Le Conseil fédéral introduit une réforme permettant aux Suisses de combler leurs années sans cotisation dans le pilier 3a dès 2025. Cette mesure fiscale vise à renforcer la prévoyance individuelle, mais elle suscite des inquiétudes politiques et budgétaires.
La possibilité de rachats rétroactifs dans le pilier 3a, approuvée par le Conseil fédéral, permettra aux contribuables d’économiser pour la retraite tout en profitant d’une réduction d’impôt. Ce dispositif pourrait toutefois engendrer une perte de revenus pour les collectivités publiques, estimée à plusieurs centaines de millions de francs.
Une réforme pour compenser les années sans cotisations
À partir du 1ᵉʳ janvier 2025, les personnes actives en Suisse pourront racheter jusqu’à dix années de cotisations manquantes dans leur pilier 3a, ce qui leur permettra de réduire leur revenu imposable. Cette modification de l’ordonnance sur les déductions fiscales pour les cotisations au pilier 3a (OPP 3) répond à la motion 19.3702 déposée par le conseiller aux États Erich Ettlin et adoptée par les deux chambres fédérales.
Pour être éligible, le contribuable devra avoir été soumis à l’AVS (Assurance Vieillesse et Survivants) en Suisse pendant les années pour lesquelles il souhaite effectuer un rachat, ainsi que lors de l’année du versement. Les rachats seront autorisés à hauteur de la cotisation annuelle de 7258 francs en 2025, permettant une déduction fiscale totale de 14 516 francs en cumulant cotisation ordinaire et rachat.

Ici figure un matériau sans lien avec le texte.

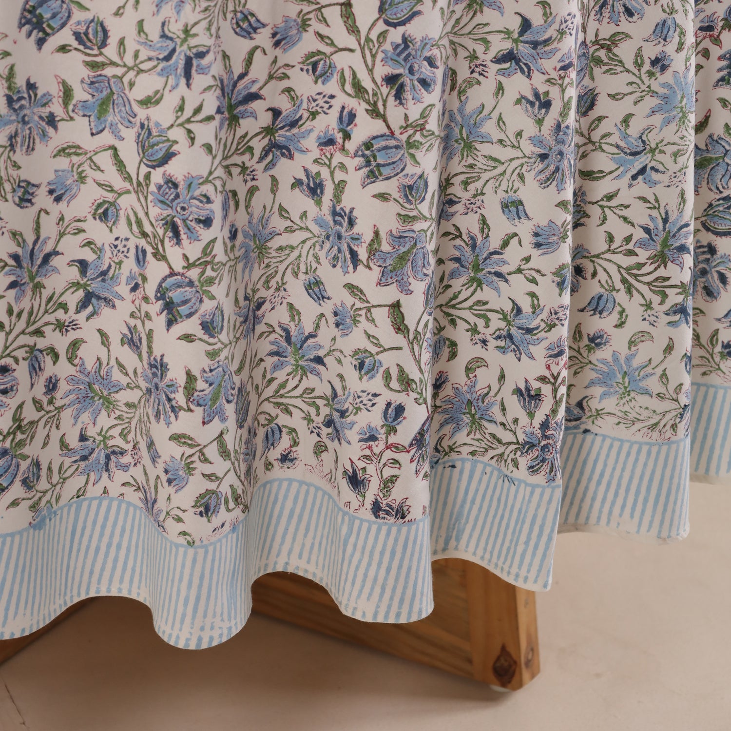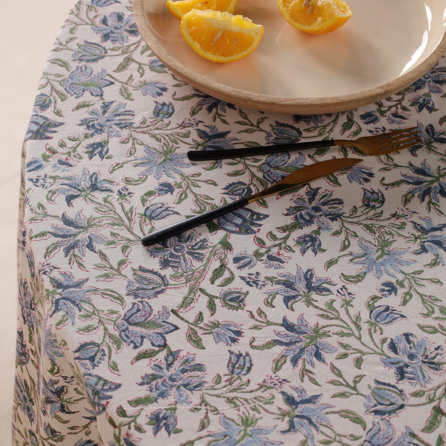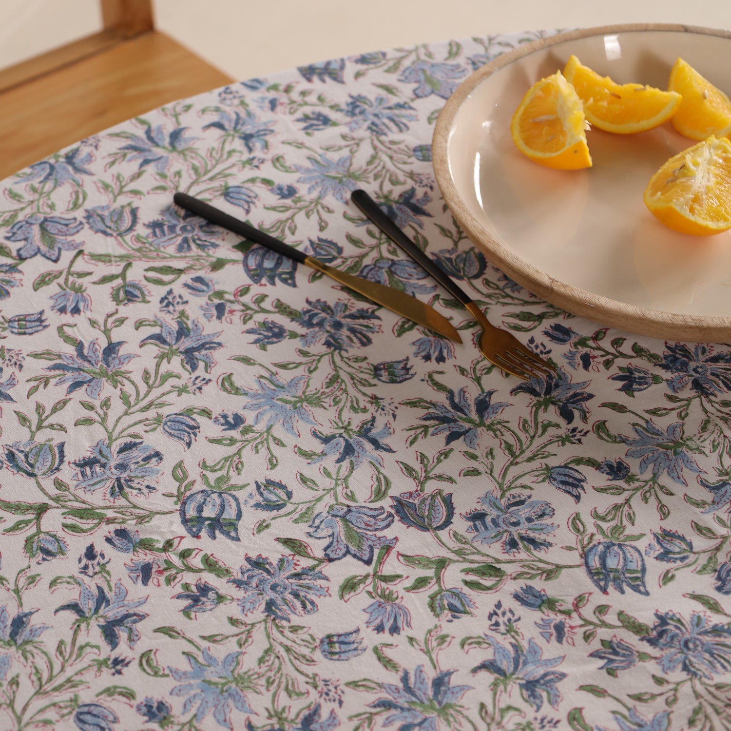 Runde Tischdecke aus Baumwolle mit indischem Blockdruck – Ranken in Weiß, Grün und Blau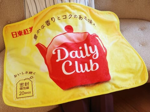 「ブランケットコース」では、日東紅茶のロゴとデイリークラブのパッケージデザインが印刷されたオリジナルブランケットが付属します。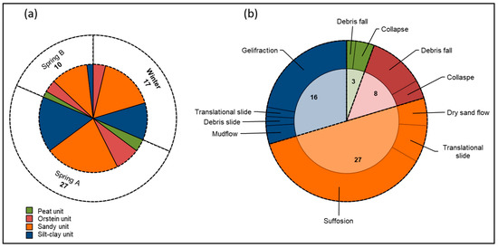 Number of events per lithological unit per season (a), and processes affecting the different lithologies in Zone B (b).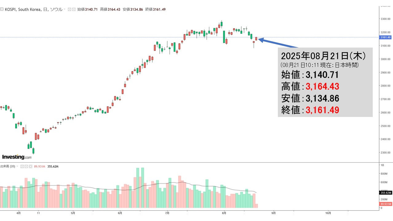 2025年08月21日(木)の韓国株式市場が開きました。10:11現在、KOSPI(韓国総合株価指数)のチャートは以下のようになっています(チャートは『Investing.com』より引用)。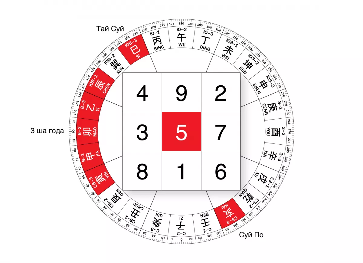 Князь Года – Тай Суй 太歲(岁)– самая сильная энергия года, соответствующая земной ветви года, поэтому тревожить ее не стоит. Не рекомендуется затевать ремонт в Тай Суй, особенно серьезный, со сверлением стен и шумом, копать землю в этом секторе. Не стоит также сидеть лицом в направлении Князя, даже если это благоприятное направление по числу ГУА. Результатом излишней активности в этой области могут быть травмы, аварии, серьезные заболевания.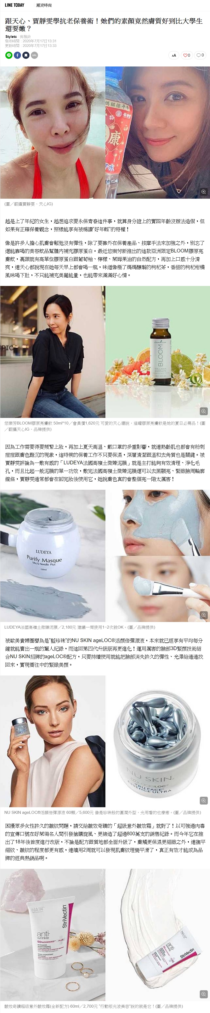 LINE TODAY_跟天心、賈靜雯學抗老保養術!她們的素顏竟然膚質好到比大學生還要嫩?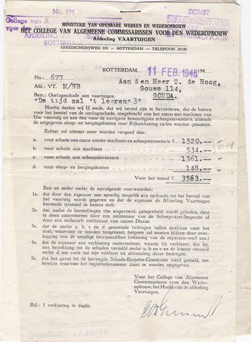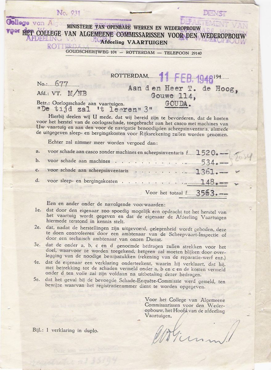 bovenstaande brief, moesten er nog herstelwerkzaamheden aan de motor/

Des pertes fiscales importantes et une opposition politique forte
Le Conseil fédéral estime que cette mesure pourrait entraîner une réduction des recettes fiscales à hauteur de 100 à 150 millions de francs pour l’impôt fédéral direct. La part de ces pertes pour les cantons est estimée à 21,2 millions, tandis que la Confédération supporterait une perte de 78,8 millions. Les impôts cantonaux et communaux sur le revenu pourraient, quant à eux, voir leurs recettes diminuer de 200 à 450 millions de francs par an.

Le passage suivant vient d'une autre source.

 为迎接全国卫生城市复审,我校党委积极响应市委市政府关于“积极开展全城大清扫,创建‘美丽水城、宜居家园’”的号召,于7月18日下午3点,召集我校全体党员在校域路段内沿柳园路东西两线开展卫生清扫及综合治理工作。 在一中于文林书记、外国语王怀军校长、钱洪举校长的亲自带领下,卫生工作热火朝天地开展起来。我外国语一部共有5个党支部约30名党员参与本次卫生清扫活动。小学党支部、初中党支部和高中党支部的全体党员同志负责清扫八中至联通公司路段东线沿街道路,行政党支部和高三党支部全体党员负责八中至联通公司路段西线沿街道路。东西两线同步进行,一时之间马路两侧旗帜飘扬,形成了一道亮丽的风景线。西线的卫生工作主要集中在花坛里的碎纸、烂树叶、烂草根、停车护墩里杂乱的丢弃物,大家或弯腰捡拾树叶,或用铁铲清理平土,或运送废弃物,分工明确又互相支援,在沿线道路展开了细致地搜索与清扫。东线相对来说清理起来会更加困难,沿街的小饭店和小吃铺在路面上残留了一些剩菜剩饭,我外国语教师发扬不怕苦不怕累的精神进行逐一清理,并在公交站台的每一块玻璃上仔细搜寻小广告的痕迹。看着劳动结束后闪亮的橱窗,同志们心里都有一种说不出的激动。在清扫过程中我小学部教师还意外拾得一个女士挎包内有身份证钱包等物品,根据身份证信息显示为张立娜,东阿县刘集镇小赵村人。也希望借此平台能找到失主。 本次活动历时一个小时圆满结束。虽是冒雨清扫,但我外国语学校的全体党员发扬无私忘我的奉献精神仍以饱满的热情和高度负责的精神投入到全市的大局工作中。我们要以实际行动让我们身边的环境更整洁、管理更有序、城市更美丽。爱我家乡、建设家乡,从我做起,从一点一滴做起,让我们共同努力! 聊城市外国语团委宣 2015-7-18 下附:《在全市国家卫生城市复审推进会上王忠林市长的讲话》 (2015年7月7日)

Si cette mesure a été bien accueillie par une partie des milieux économiques et politiques, le Parti socialiste (PS) y voit un « cadeau fiscal » pour les plus aisés. Selon la co-présidente du PS, Mattea Meyer, cette nouvelle possibilité d’optimisation fiscale favorisera les contribuables les plus fortunés, tout en augmentant les charges administratives pour les autorités fiscales. Le PS critique également les pertes fiscales que cette réforme induira pour les cantons, les communes et la Confédération, en soulignant l’impact potentiel sur les budgets consacrés à l’AVS, aux crèches ou à la réduction des primes d’assurance maladie.

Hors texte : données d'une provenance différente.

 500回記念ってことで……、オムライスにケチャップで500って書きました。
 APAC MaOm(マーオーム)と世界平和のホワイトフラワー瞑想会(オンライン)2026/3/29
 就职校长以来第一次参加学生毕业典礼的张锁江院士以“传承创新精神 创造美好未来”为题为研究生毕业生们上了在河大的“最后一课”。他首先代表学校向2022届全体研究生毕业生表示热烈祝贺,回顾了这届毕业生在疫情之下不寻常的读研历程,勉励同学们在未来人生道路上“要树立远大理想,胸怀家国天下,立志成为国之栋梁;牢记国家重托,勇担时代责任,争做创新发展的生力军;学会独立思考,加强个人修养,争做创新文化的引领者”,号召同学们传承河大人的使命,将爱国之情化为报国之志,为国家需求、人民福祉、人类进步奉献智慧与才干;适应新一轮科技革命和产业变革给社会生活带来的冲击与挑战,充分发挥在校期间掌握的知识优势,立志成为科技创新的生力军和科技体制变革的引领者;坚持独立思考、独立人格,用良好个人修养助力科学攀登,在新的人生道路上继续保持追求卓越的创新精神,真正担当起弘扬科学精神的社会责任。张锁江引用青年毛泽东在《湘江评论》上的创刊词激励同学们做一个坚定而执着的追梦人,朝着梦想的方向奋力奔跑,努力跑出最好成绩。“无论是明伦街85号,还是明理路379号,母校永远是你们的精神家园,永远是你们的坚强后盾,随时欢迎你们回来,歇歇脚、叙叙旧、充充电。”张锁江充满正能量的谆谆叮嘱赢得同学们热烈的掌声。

Vers une révision des retraits capital
Par ailleurs, le Conseil fédéral a aussi annoncé son intention de revoir l’imposition des retraits en capital du pilier 3a. En septembre 2024, il a mandaté un groupe d’experts pour étudier le système fiscal des piliers 2 et 3a, avec la possibilité de doubler, voire de quadrupler l’imposition des retraits pour les revenus moyens et élevés. Les détails de cette révision seront présentés fin janvier 2025, dans le cadre d’un projet de consultation plus large sur le financement des tâches fédérales.